--- SOURCE INFORMATION ---

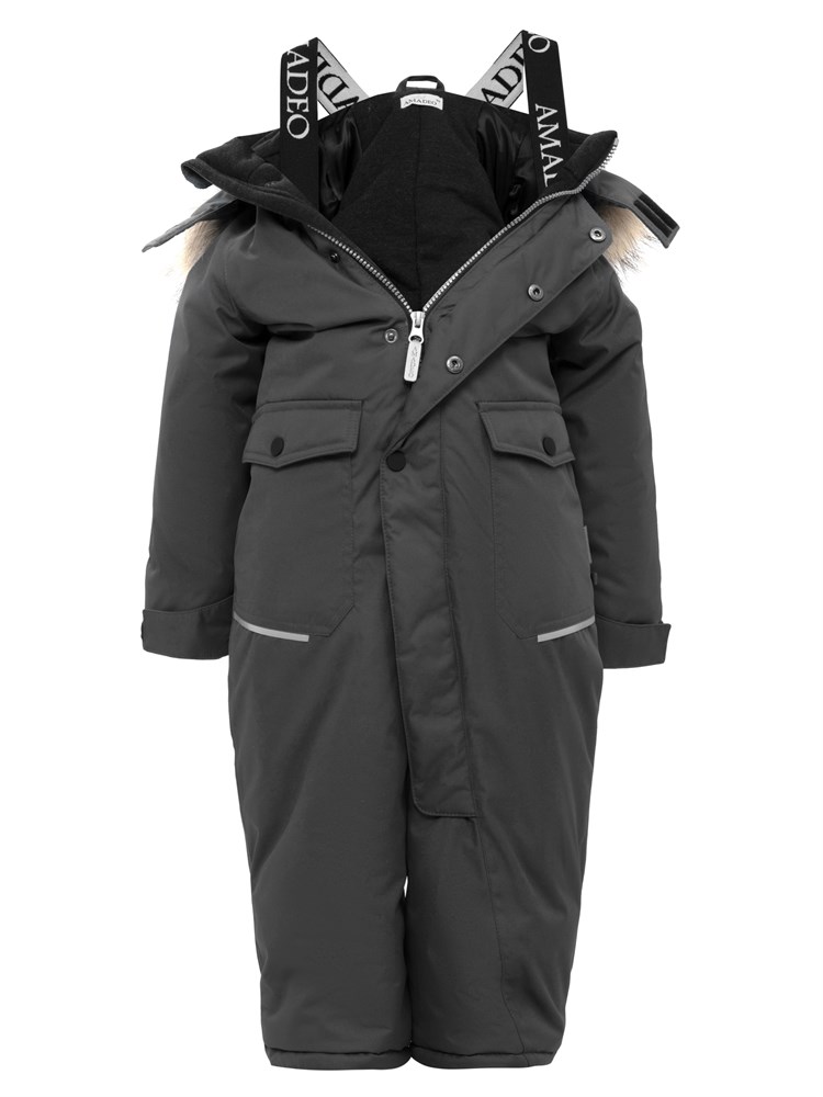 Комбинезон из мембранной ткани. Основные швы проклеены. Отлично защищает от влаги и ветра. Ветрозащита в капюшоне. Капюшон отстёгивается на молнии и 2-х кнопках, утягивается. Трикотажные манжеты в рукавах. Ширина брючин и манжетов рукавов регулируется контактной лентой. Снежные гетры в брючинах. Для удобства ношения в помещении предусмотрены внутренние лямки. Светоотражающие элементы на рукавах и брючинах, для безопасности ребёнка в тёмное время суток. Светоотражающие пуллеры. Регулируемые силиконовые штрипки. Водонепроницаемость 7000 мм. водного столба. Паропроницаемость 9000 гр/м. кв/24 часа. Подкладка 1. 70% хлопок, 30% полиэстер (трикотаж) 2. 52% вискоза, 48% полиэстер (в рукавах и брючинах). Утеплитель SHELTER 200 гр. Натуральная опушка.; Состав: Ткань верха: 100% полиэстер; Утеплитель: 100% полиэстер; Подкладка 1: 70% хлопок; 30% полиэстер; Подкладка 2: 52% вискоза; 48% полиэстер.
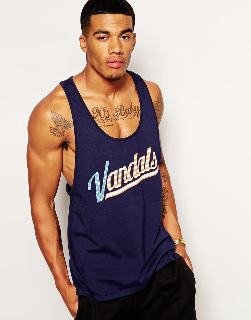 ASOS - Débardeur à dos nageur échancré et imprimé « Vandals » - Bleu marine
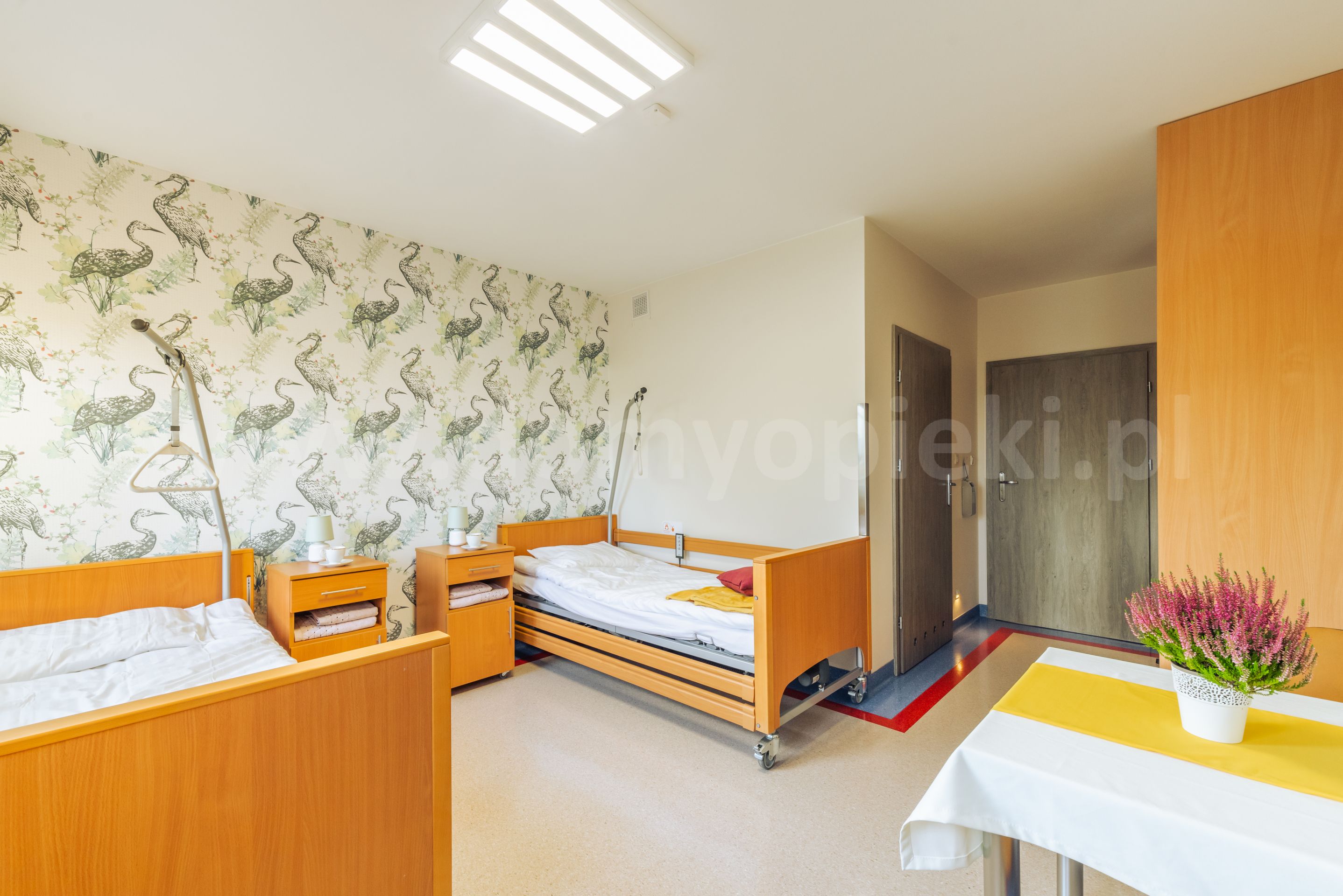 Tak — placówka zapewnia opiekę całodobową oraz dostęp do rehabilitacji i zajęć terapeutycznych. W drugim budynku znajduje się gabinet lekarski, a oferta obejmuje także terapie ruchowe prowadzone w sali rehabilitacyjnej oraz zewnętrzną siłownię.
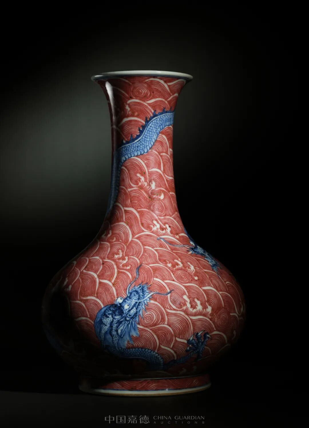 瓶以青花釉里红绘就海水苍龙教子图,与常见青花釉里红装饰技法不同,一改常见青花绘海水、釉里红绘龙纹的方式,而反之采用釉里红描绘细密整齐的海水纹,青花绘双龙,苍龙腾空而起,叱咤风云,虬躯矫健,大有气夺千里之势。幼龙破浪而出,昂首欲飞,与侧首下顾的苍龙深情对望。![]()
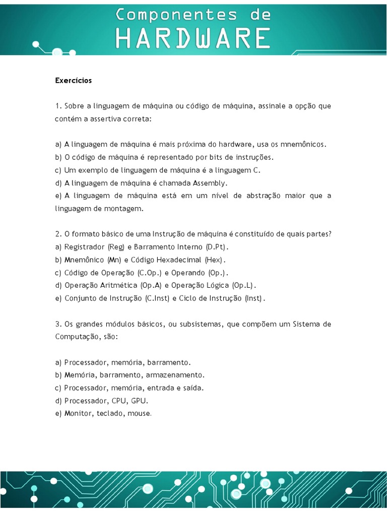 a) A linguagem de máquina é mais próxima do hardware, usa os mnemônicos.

---
--- SOURCE INFORMATION ---

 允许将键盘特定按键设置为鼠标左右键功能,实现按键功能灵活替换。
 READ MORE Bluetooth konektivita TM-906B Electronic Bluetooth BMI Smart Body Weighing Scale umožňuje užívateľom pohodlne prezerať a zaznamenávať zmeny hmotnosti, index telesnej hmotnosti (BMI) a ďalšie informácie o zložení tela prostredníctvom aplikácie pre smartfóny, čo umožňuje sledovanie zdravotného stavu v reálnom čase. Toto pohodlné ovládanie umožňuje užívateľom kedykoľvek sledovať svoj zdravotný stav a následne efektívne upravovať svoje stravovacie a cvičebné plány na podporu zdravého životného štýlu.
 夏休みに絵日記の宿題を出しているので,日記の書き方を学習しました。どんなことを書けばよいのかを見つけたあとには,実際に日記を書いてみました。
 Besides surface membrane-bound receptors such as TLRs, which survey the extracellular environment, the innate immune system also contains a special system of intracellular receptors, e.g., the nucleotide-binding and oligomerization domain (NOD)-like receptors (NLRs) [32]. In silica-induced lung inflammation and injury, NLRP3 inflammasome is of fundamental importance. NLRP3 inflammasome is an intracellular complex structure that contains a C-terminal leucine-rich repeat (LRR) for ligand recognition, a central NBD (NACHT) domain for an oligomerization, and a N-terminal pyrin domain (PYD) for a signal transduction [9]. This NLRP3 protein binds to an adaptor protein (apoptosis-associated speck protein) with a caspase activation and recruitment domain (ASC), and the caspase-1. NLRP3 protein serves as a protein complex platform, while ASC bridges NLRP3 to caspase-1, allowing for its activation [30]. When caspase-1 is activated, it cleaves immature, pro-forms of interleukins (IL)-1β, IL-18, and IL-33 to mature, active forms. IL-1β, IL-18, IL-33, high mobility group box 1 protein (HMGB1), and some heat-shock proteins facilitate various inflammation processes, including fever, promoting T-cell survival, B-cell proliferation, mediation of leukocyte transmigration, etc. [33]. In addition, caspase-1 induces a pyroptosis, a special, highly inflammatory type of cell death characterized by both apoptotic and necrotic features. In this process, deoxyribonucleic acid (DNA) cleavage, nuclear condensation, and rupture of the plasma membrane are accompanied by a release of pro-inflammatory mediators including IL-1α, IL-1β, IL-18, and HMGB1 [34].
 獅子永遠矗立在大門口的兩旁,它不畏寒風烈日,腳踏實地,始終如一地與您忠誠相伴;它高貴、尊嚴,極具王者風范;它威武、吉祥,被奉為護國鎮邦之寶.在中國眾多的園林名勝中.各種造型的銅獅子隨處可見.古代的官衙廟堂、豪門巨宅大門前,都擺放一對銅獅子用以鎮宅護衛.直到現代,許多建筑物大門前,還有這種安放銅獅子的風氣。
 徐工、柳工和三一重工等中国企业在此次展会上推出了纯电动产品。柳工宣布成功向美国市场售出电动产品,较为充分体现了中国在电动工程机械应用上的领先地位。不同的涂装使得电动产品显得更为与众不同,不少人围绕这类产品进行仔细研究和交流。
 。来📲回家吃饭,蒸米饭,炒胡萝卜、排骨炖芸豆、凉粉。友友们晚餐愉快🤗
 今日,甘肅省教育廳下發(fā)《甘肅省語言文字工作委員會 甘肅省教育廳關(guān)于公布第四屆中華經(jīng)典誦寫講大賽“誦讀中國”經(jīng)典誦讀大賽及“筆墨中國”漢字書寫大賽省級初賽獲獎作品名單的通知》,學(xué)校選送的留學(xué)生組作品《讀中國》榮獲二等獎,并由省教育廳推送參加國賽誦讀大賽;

---

THE PROBLEM:
The response must repeat exactly the lines above from the one with "Комбинезон из мембранной" through the one with "a) A linguagem", including both, and must contain no pictures and no other text.

RESULT OF THIS TASK:
 Комбинезон из мембранной ткани. Основные швы проклеены. Отлично защищает от влаги и ветра. Ветрозащита в капюшоне. Капюшон отстёгивается на молнии и 2-х кнопках, утягивается. Трикотажные манжеты в рукавах. Ширина брючин и манжетов рукавов регулируется контактной лентой. Снежные гетры в брючинах. Для удобства ношения в помещении предусмотрены внутренние лямки. Светоотражающие элементы на рукавах и брючинах, для безопасности ребёнка в тёмное время суток. Светоотражающие пуллеры. Регулируемые силиконовые штрипки. Водонепроницаемость 7000 мм. водного столба. Паропроницаемость 9000 гр/м. кв/24 часа. Подкладка 1. 70% хлопок, 30% полиэстер (трикотаж) 2. 52% вискоза, 48% полиэстер (в рукавах и брючинах). Утеплитель SHELTER 200 гр. Натуральная опушка.; Состав: Ткань верха: 100% полиэстер; Утеплитель: 100% полиэстер; Подкладка 1: 70% хлопок; 30% полиэстер; Подкладка 2: 52% вискоза; 48% полиэстер.
 ASOS - Débardeur à dos nageur échancré et imprimé « Vandals » - Bleu marine
 Tak — placówka zapewnia opiekę całodobową oraz dostęp do rehabilitacji i zajęć terapeutycznych. W drugim budynku znajduje się gabinet lekarski, a oferta obejmuje także terapie ruchowe prowadzone w sali rehabilitacyjnej oraz zewnętrzną siłownię.
 瓶以青花釉里红绘就海水苍龙教子图,与常见青花釉里红装饰技法不同,一改常见青花绘海水、釉里红绘龙纹的方式,而反之采用釉里红描绘细密整齐的海水纹,青花绘双龙,苍龙腾空而起,叱咤风云,虬躯矫健,大有气夺千里之势。幼龙破浪而出,昂首欲飞,与侧首下顾的苍龙深情对望。![]()
 a) A linguagem de máquina é mais próxima do hardware, usa os mnemônicos.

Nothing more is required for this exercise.